### THE PROBLEM
Leave out the pictures and copy each record below exactly.

# # # #

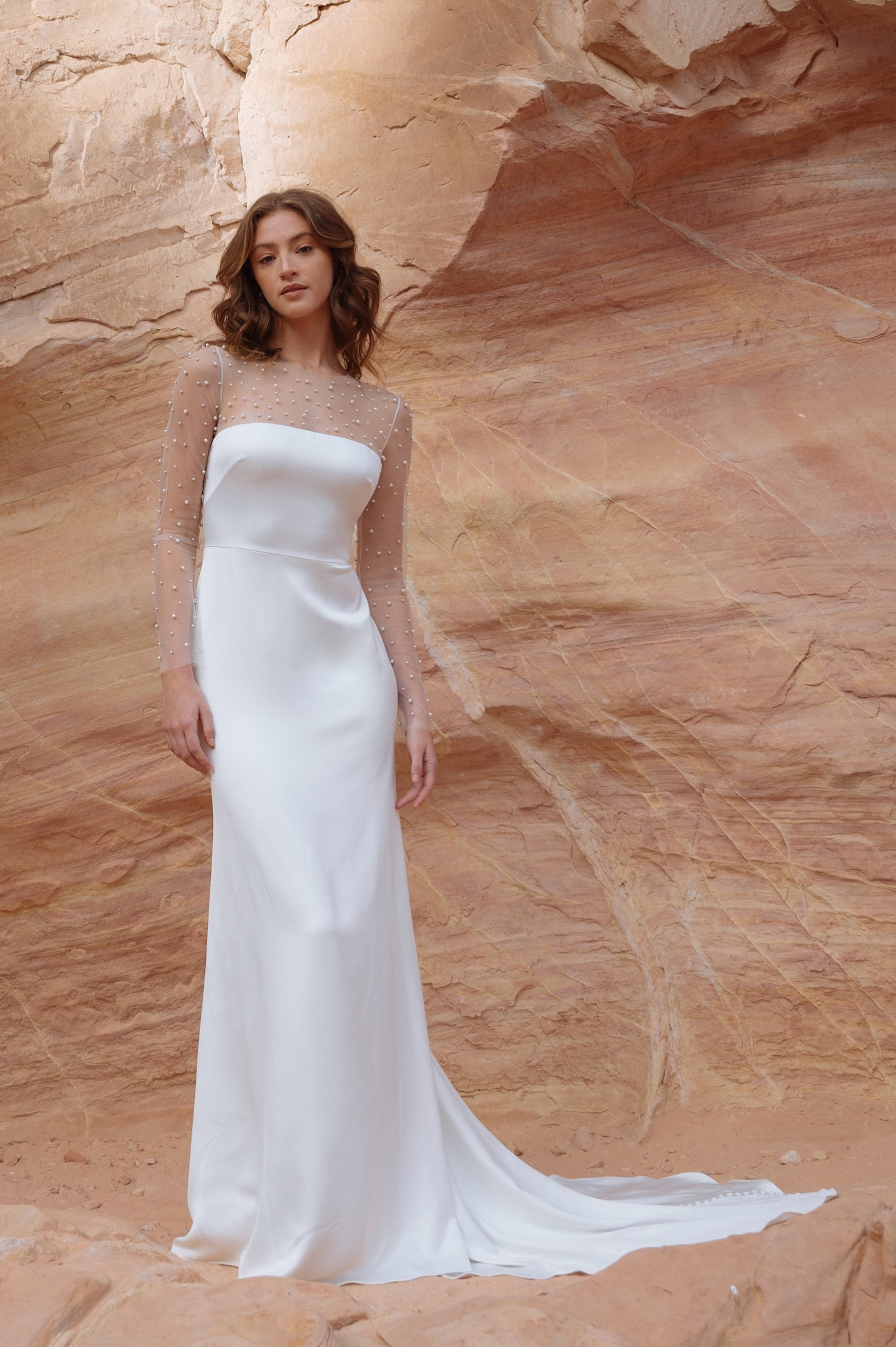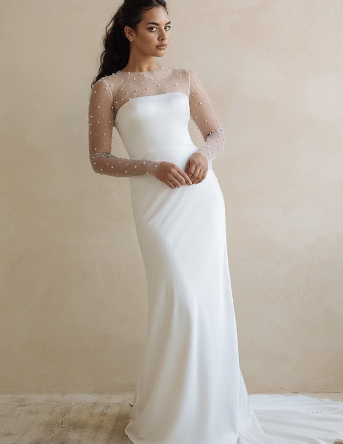 The Morgan gown feels truly modern, with thoughtful details added for a timeless effect. The sleek, chic straight neckline is balanced by a sheer illusion sleeve and neckline dotted with everyone’s favorite bridal accessory, pearls.
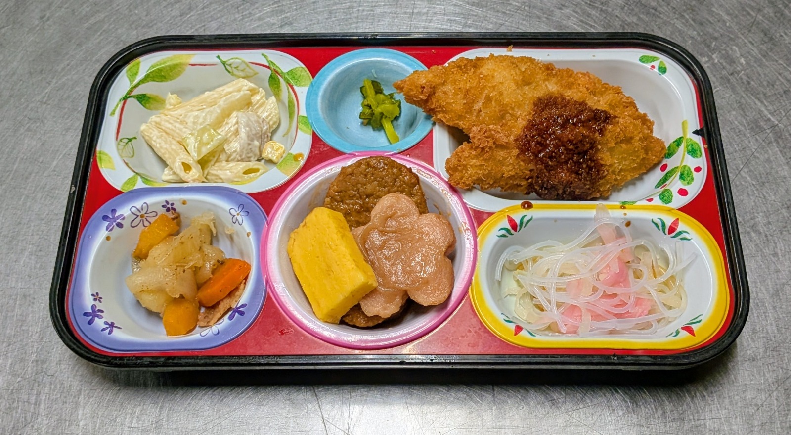 白身魚背脂ダレ、煮込みハンバーグ、厚焼玉子、花さつま、ペンネサラダ、肉じゃが、春雨酢の物
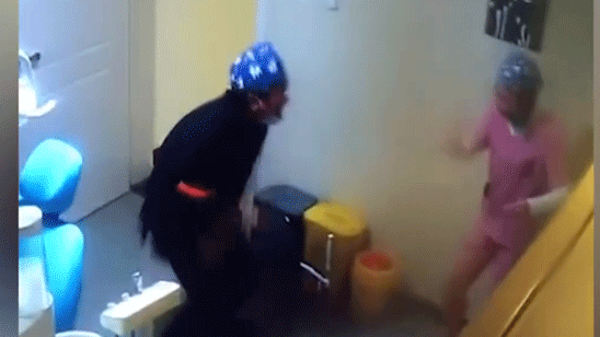 护士被夹到手痛得跳起来 男同事误以为她在跳舞下一幕笑翻网友
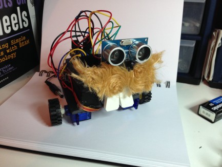 I used some Lego wheels that I glued directly to some nice servos I had. Connecting wheels to motors seems to be the weak point of most of my constructions, so far. When I first fired it up, I noticed that he did not drive straight. He's always leaning a little bit. In my code, I had him readjust every once in a while by taking a quick turn or spin in the opposite direction. It ended up giving him a bit of a twitchy strut that I find endearing. These things are what I enjoy most in building robots, I think. The emergent personality that comes out of mistakes and improvisation.
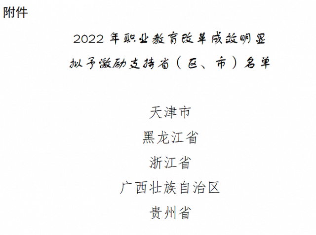 教育部公示2022年職業(yè)教育改革成效明顯擬予激勵(lì)支持?。▍^(qū)、市)名單
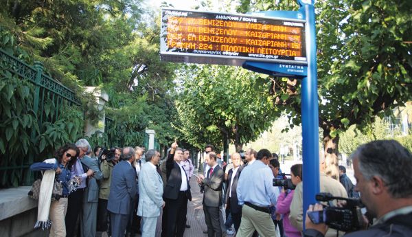 Αλλη μια ευκαιρία για εγκαίνια βρήκε χθες ο υπουργός Υποδομών Μιχάλης Χρυσοχοΐδης, ο οποίος εμφανίστηκε στο Σύνταγμα που λειτουργεί μία από τις «έξυπνες στάσεις» της λεωφορειακής γραμμής 224 (Καισαριανή – Ελ. Βενιζέλου). Πρόκειται για την πιλοτική φάση του έργου τηλεματικής στις αστικές συγκοινωνίες μέσω του οποίου οι επιβάτες θα ενημερώνονται σε πραγματικό χρόνο για τις αφίξεις των δρομολογίων. Παράλληλα θα βελτιωθεί και η διαχείριση του στόλου των οχημάτων από τους οργανισμούς.
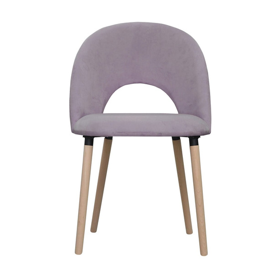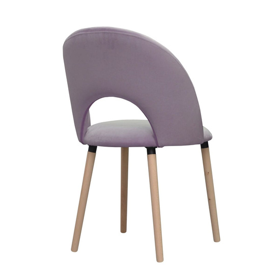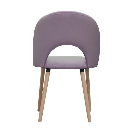 Krzesło wyróżnia się minimalistycznym designem – proste linie, brak zbędnych ozdób i elegancka forma wpisują się w aktualne trendy wnętrzarskie. Otwór w oparciu dodaje mu wizualnej lekkości, a także wpływa korzystnie na cyrkulację powietrza podczas siedzenia. Konstrukcja oparta na litego drewna bukowego oraz mocowaniu nóg w kolorze czarnym gwarantuje trwałość i odporność na intensywne użytkowanie.
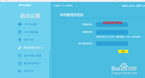 点击修改管理员密码,进入到该页面,这里的密码是路由器登录的密码,如图
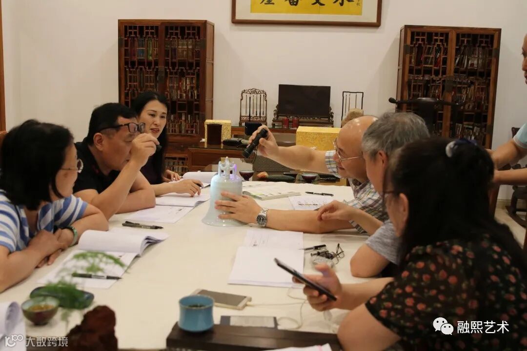 “五色祥云—单色釉瓷器特展”鉴定专家在自得堂合影左起:段小红、阮华端、潘鸣皋、任志录、冯小琦、冯玮瑜
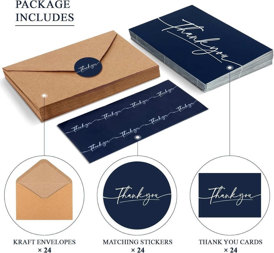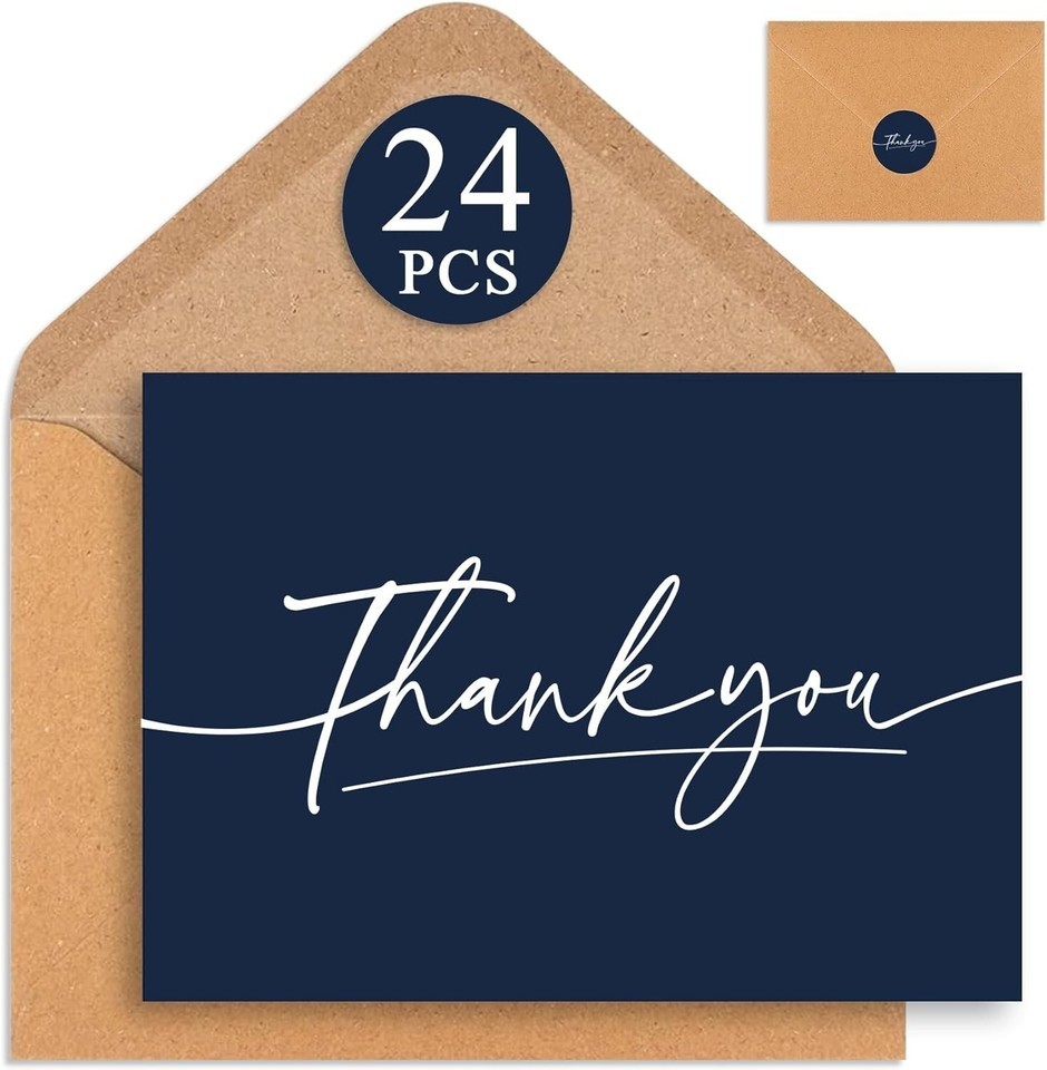 Thank You Cards With Envelopes 24 Pack, 4x6 Inch Thank You Cards Bulk Navy Blue
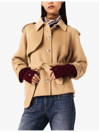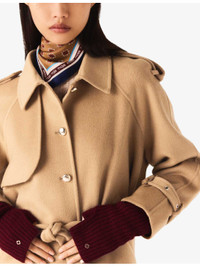 PRODUCT DETAILS - Maje wool-blend jacket - 78% wool, 22% polyamide; pocket lining 100% polyester - Button fastening at front - Classic collar, military style, shoulder plackets, long sleeves, two slanted welt pockets at front, adjustable belt tie at waist, gold-toned hardware - Dry clean - True to size - Midweight, non-stretch Ref: R04522391
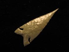 This cute little Wintu point is made out of a piece of Burns Green Oregon obsidian. Needle tip, key hole notches and fine serrations. Its fairly small but is more of the actual size most Wintu points really were. Some of them were quite small and dainty actually. Still tricky buggars to make at times though.... |

# # # #

### RESULT BELOW
 The Morgan gown feels truly modern, with thoughtful details added for a timeless effect. The sleek, chic straight neckline is balanced by a sheer illusion sleeve and neckline dotted with everyone’s favorite bridal accessory, pearls.
 白身魚背脂ダレ、煮込みハンバーグ、厚焼玉子、花さつま、ペンネサラダ、肉じゃが、春雨酢の物
 护士被夹到手痛得跳起来 男同事误以为她在跳舞下一幕笑翻网友
 I used some Lego wheels that I glued directly to some nice servos I had. Connecting wheels to motors seems to be the weak point of most of my constructions, so far. When I first fired it up, I noticed that he did not drive straight. He's always leaning a little bit. In my code, I had him readjust every once in a while by taking a quick turn or spin in the opposite direction. It ended up giving him a bit of a twitchy strut that I find endearing. These things are what I enjoy most in building robots, I think. The emergent personality that comes out of mistakes and improvisation.
 教育部公示2022年職業(yè)教育改革成效明顯擬予激勵(lì)支持?。▍^(qū)、市)名單
 Αλλη μια ευκαιρία για εγκαίνια βρήκε χθες ο υπουργός Υποδομών Μιχάλης Χρυσοχοΐδης, ο οποίος εμφανίστηκε στο Σύνταγμα που λειτουργεί μία από τις «έξυπνες στάσεις» της λεωφορειακής γραμμής 224 (Καισαριανή – Ελ. Βενιζέλου). Πρόκειται για την πιλοτική φάση του έργου τηλεματικής στις αστικές συγκοινωνίες μέσω του οποίου οι επιβάτες θα ενημερώνονται σε πραγματικό χρόνο για τις αφίξεις των δρομολογίων. Παράλληλα θα βελτιωθεί και η διαχείριση του στόλου των οχημάτων από τους οργανισμούς.
 Krzesło wyróżnia się minimalistycznym designem – proste linie, brak zbędnych ozdób i elegancka forma wpisują się w aktualne trendy wnętrzarskie. Otwór w oparciu dodaje mu wizualnej lekkości, a także wpływa korzystnie na cyrkulację powietrza podczas siedzenia. Konstrukcja oparta na litego drewna bukowego oraz mocowaniu nóg w kolorze czarnym gwarantuje trwałość i odporność na intensywne użytkowanie.
 点击修改管理员密码,进入到该页面,这里的密码是路由器登录的密码,如图
 “五色祥云—单色釉瓷器特展”鉴定专家在自得堂合影左起:段小红、阮华端、潘鸣皋、任志录、冯小琦、冯玮瑜
 Thank You Cards With Envelopes 24 Pack, 4x6 Inch Thank You Cards Bulk Navy Blue
 PRODUCT DETAILS - Maje wool-blend jacket - 78% wool, 22% polyamide; pocket lining 100% polyester - Button fastening at front - Classic collar, military style, shoulder plackets, long sleeves, two slanted welt pockets at front, adjustable belt tie at waist, gold-toned hardware - Dry clean - True to size - Midweight, non-stretch Ref: R04522391
 This cute little Wintu point is made out of a piece of Burns Green Oregon obsidian. Needle tip, key hole notches and fine serrations. Its fairly small but is more of the actual size most Wintu points really were. Some of them were quite small and dainty actually. Still tricky buggars to make at times though.... |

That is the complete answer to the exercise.